» EXTRACTED MATERIAL
# # # # # # #

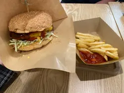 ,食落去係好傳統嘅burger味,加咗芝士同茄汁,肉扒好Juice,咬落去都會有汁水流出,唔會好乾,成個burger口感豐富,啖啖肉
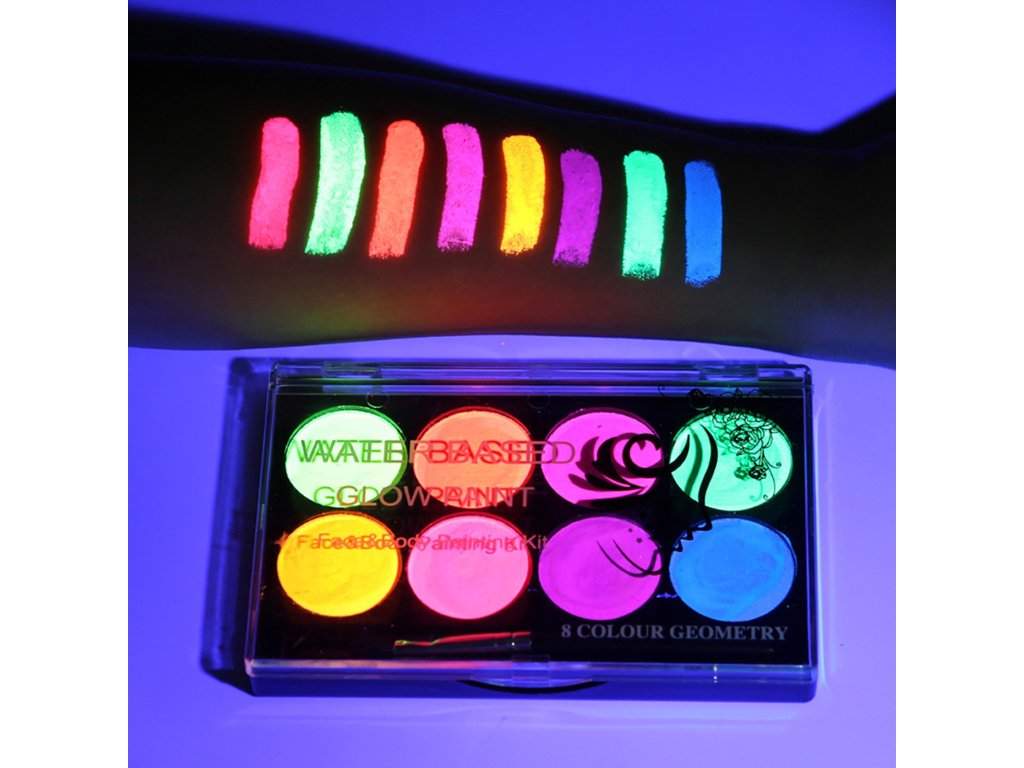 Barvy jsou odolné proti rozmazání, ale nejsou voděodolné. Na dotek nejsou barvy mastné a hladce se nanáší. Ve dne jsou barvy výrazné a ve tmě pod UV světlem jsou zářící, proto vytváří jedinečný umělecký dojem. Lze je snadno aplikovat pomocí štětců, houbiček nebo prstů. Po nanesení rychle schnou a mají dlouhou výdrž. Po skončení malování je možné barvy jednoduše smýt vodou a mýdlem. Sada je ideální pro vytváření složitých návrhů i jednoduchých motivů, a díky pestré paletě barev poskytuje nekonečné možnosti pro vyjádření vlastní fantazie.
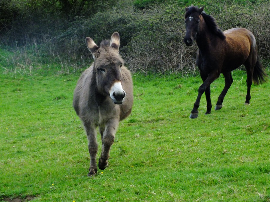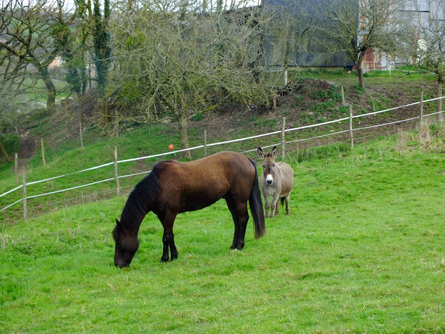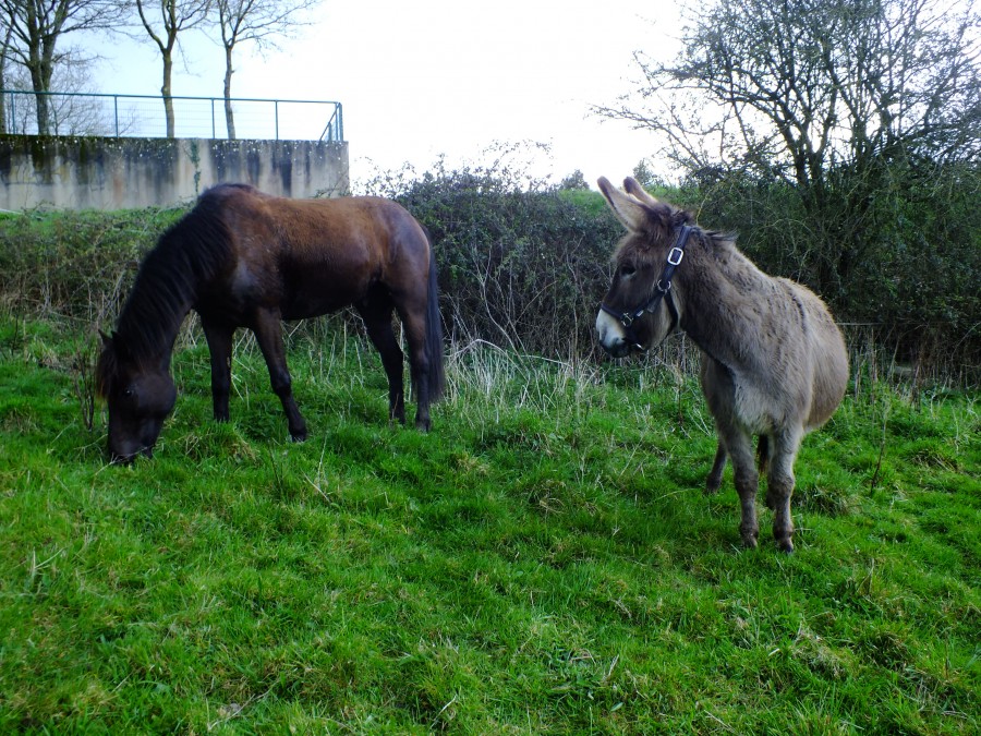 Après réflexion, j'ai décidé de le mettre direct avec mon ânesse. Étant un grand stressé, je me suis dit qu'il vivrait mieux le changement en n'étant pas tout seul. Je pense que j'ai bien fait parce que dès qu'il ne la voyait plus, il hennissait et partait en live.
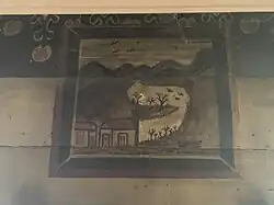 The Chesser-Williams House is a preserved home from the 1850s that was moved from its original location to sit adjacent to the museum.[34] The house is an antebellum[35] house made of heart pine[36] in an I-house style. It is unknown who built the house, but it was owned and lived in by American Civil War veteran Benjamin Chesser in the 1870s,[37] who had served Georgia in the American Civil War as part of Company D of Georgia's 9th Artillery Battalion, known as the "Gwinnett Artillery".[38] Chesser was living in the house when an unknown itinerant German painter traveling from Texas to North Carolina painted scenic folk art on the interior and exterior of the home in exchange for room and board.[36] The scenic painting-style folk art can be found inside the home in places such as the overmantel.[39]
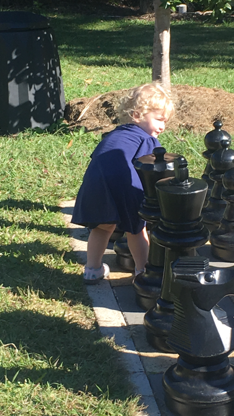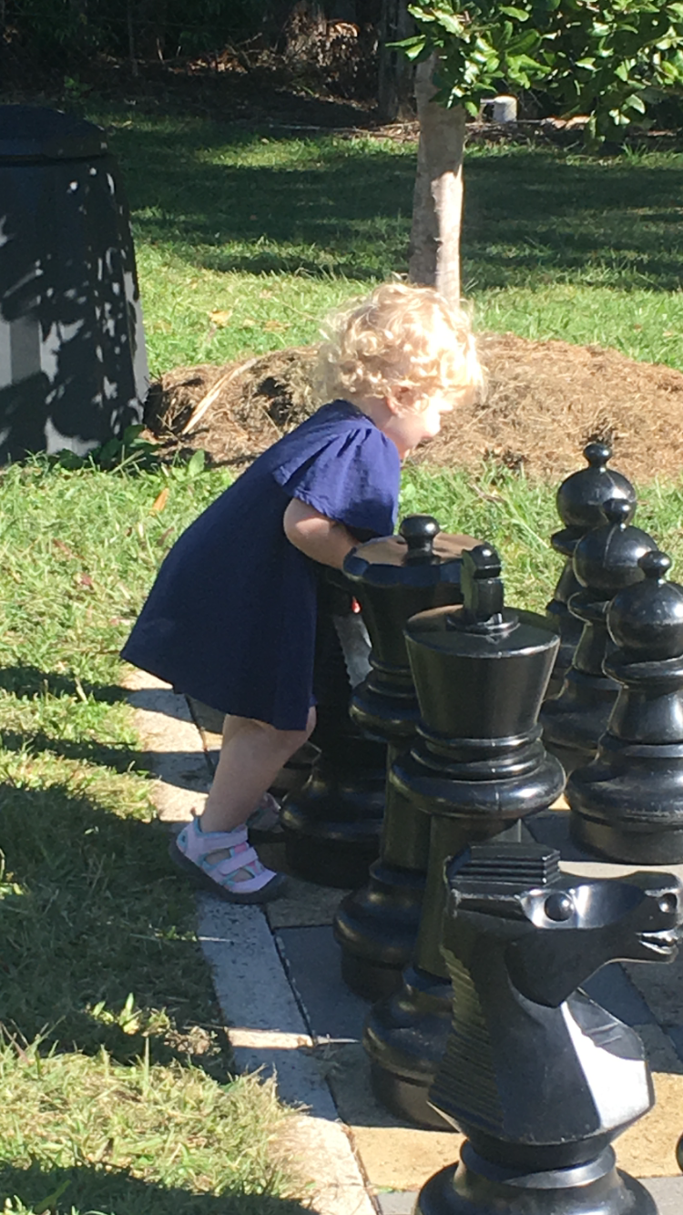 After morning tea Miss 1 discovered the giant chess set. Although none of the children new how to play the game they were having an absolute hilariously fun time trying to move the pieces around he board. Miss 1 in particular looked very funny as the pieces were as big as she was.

# # # # # # #

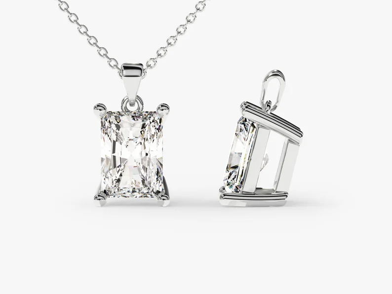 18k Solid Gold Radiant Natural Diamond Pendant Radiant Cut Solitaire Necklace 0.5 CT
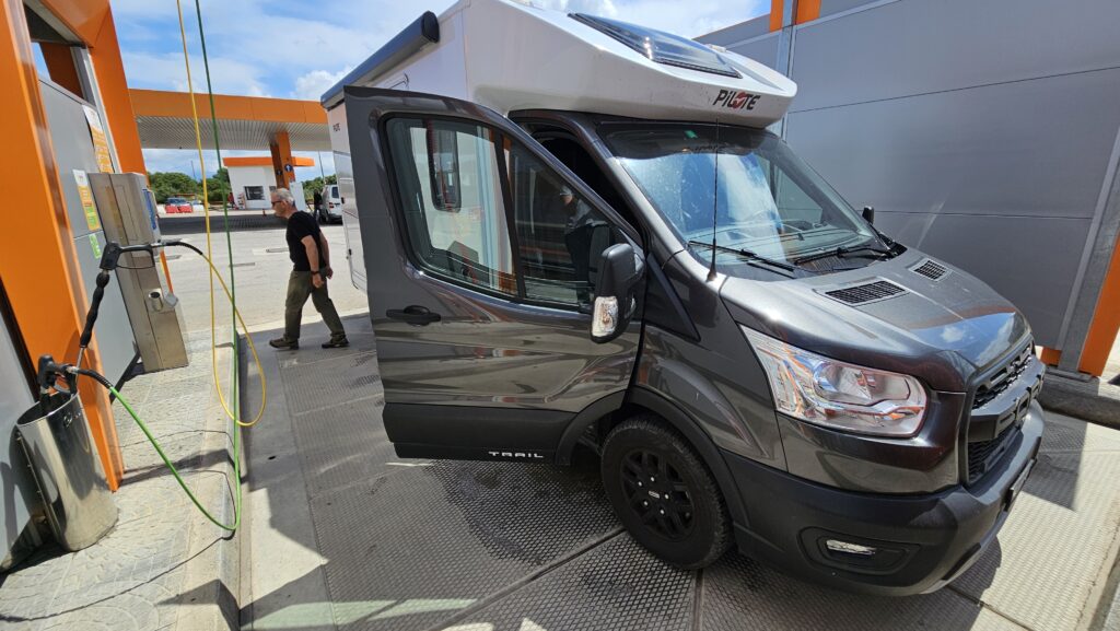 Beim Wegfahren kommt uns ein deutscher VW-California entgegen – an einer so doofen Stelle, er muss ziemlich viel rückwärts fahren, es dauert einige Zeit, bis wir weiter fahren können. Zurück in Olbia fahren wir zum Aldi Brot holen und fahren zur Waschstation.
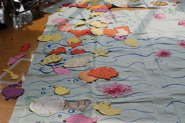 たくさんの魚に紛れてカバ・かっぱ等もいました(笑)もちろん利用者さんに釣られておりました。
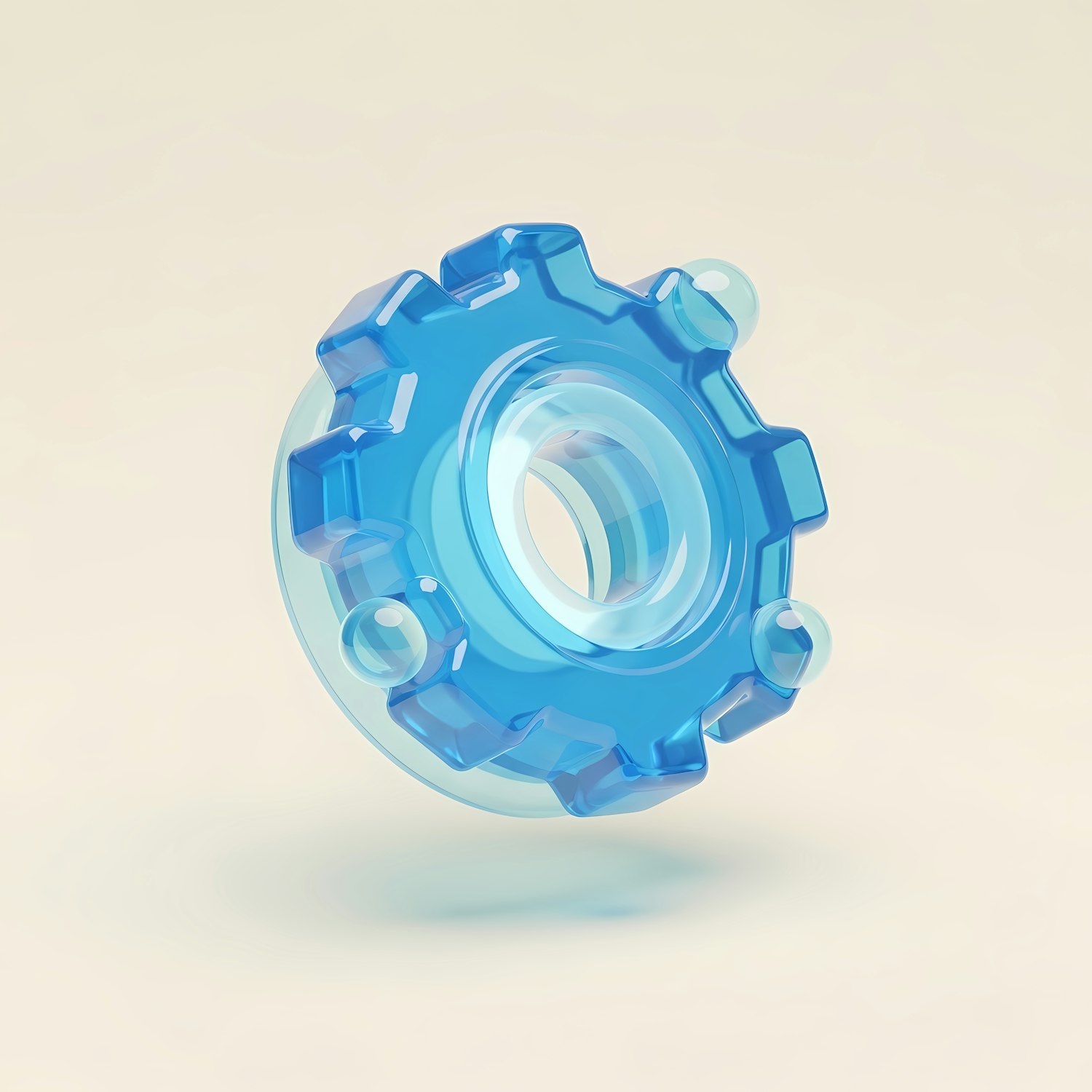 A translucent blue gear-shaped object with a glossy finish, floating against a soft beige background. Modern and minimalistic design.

# # # # # # #

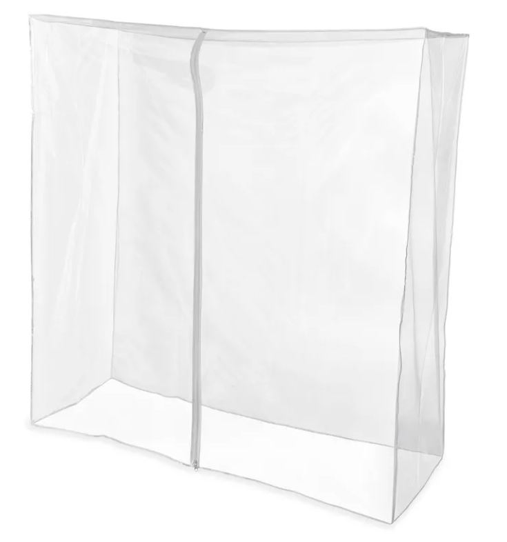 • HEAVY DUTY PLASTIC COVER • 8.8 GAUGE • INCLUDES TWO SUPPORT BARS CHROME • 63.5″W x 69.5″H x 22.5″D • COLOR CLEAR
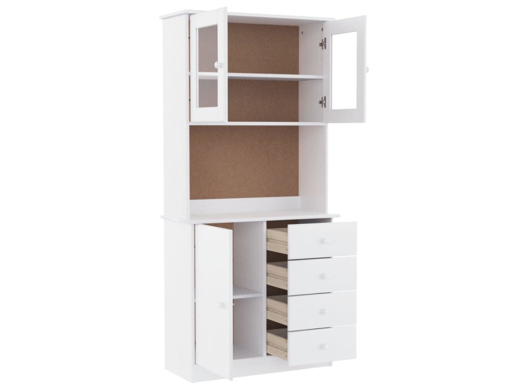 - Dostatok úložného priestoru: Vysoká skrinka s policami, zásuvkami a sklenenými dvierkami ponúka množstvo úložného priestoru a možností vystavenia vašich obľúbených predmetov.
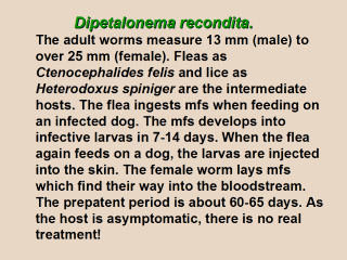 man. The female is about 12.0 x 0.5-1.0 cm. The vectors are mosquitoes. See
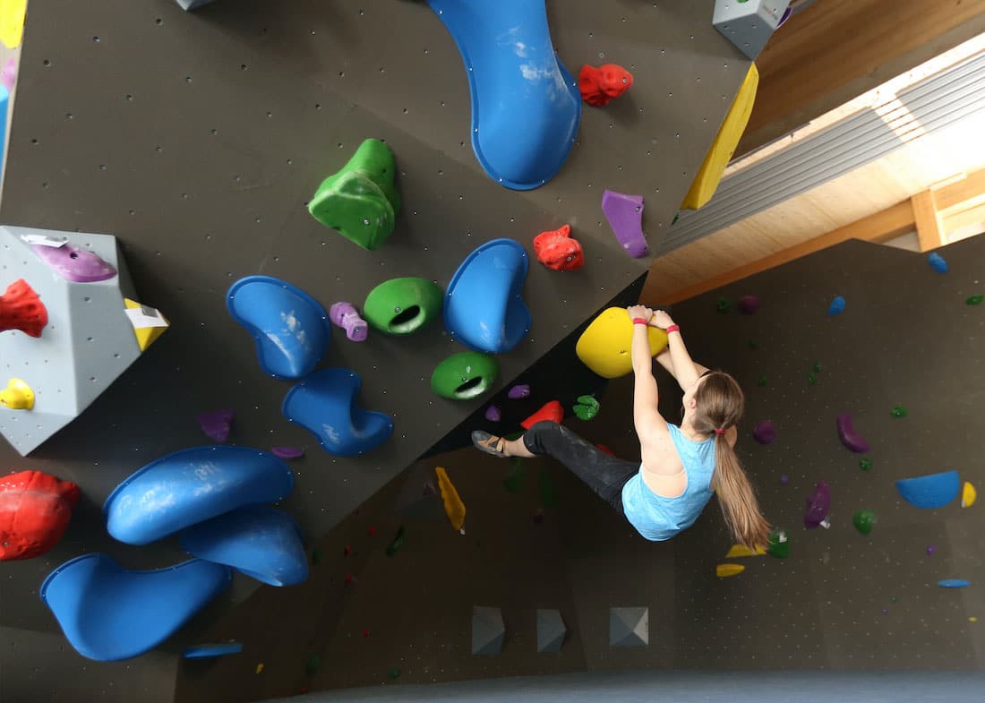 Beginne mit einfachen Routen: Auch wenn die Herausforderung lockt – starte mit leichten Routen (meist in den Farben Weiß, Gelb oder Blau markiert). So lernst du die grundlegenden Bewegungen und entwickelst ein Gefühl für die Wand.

# # # # # # #

» PROBLEM DETAILS
Reproduce exactly the lines of the data above that run from the line with "たくさんの魚に紛れてカバ・か" down to the line with "A translucent blue", both ends included. Pictures do not belong in the copy.

» ANSWER TO THIS TASK
 たくさんの魚に紛れてカバ・かっぱ等もいました(笑)もちろん利用者さんに釣られておりました。
 A translucent blue gear-shaped object with a glossy finish, floating against a soft beige background. Modern and minimalistic design.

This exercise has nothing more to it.